This project aims to build a data warehousing solution using Apache Hive for data storage and SQL querying, combined with PostgreSQL for relational data storage and analytics. The project utilizes Docker for containerization, allowing for a seamless setup and deployment.
- Store transaction data in Apache Hive.
- Design a dimensional model for the data warehouse.
- Apply ETL (Extract, Transform, Load) processes to load data into PostgreSQL tables.
- Connect PostgreSQL to Apache Superset for data visualization and analytics.
- Apache Hive: Data warehouse infrastructure built on top of Hadoop for data summarization and analysis.
- PostgreSQL: Relational database management system for structured data storage and queries.
- Apache Superset: Open-source data visualization tool for creating interactive dashboards.

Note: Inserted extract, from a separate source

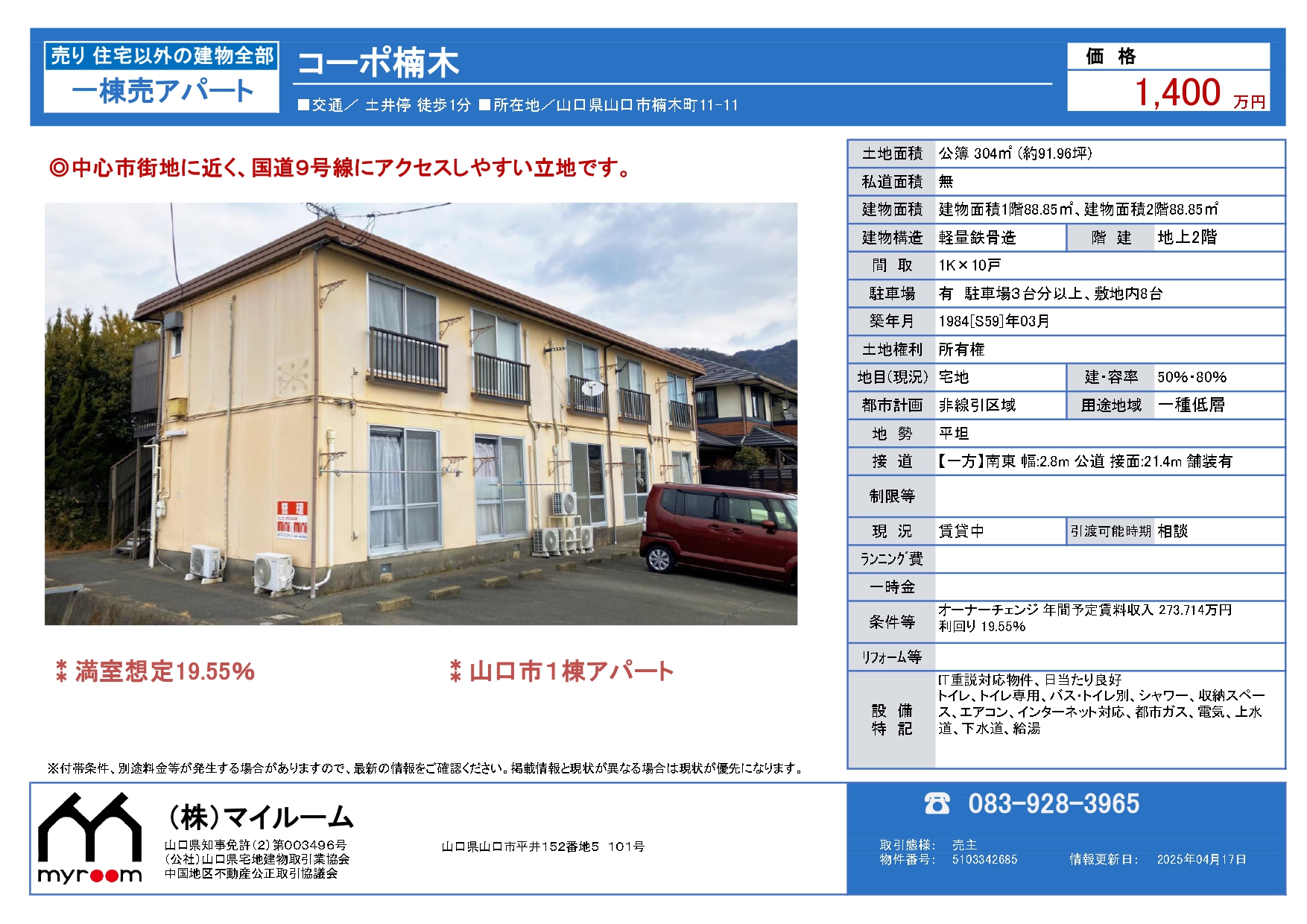 | 物件名 | 山口市楠木町|コーポ楠木1K×10世帯【賃貸アパート】 |

- Docker: Containerization platform for managing application environments.
/data-warehousing-project
│
├── docker-compose.yml
├── etl
│ ├── energy_data.csv
│ ├── etl_.py
├── superset_visualization.png
└── README.md
Here is an example of a visualization created in Apache Superset:
Before you begin, ensure you have the following installed:
Clone this repository to your local machine:
git clone https://github.com/1abdelhalim/DWH-with-Apache-Hive-and-PostgreSQL
cd
DWH-with-Apache-Hive-and-PostgreSQL
Private
Run the following command to start all services defined in the docker-compose.yml
file:
docker-compose up -d
-
Access the PostgreSQL container:
docker exec -it <postgres-container-name> psql -U postgres
-
Create a database and user:
CREATE DATABASE energy_db; CREATE USER energy_user WITH PASSWORD 'energy_password'; GRANT ALL PRIVILEGES ON DATABASE energy_db TO energy_user;
-
Exit PostgreSQL:
\q
-
Access the Hive container:
docker exec -it <hive-container-name> bash
-
Start the Hive CLI:
hive
-
Create a Hive database and tables:
CREATE DATABASE energy_db; USE energy_db; CREATE TABLE Dim_Country ( country_id INT, country_name STRING ); CREATE TABLE Dim_category ( category STRING ); CREATE TABLE Dim_Year ( year_id INT, year INT ); CREATE TABLE Fact_Transactions ( transaction_id INT, quantity DOUBLE, unit STRING );
-
Exit Hive:
exit;
Ensure the etl.py
uses the correct PostgreSQL user and database credentials:
postgres_engine = create_engine('postgresql://energy_user:energy_password@localhost:5432/energy_db')
Run the ETL script to extract data from the CSV file and load it into PostgreSQL and Hive:
python etl/etl.py
- Open your web browser and navigate to
http://localhost:8088
. - Create an admin account if prompted and log in.
- Connect to PostgreSQL and Hive databases under Data > Databases.
- Go to Charts to create new visualizations using your data.
- Use the Dashboards feature to compile your charts into an interactive dashboard.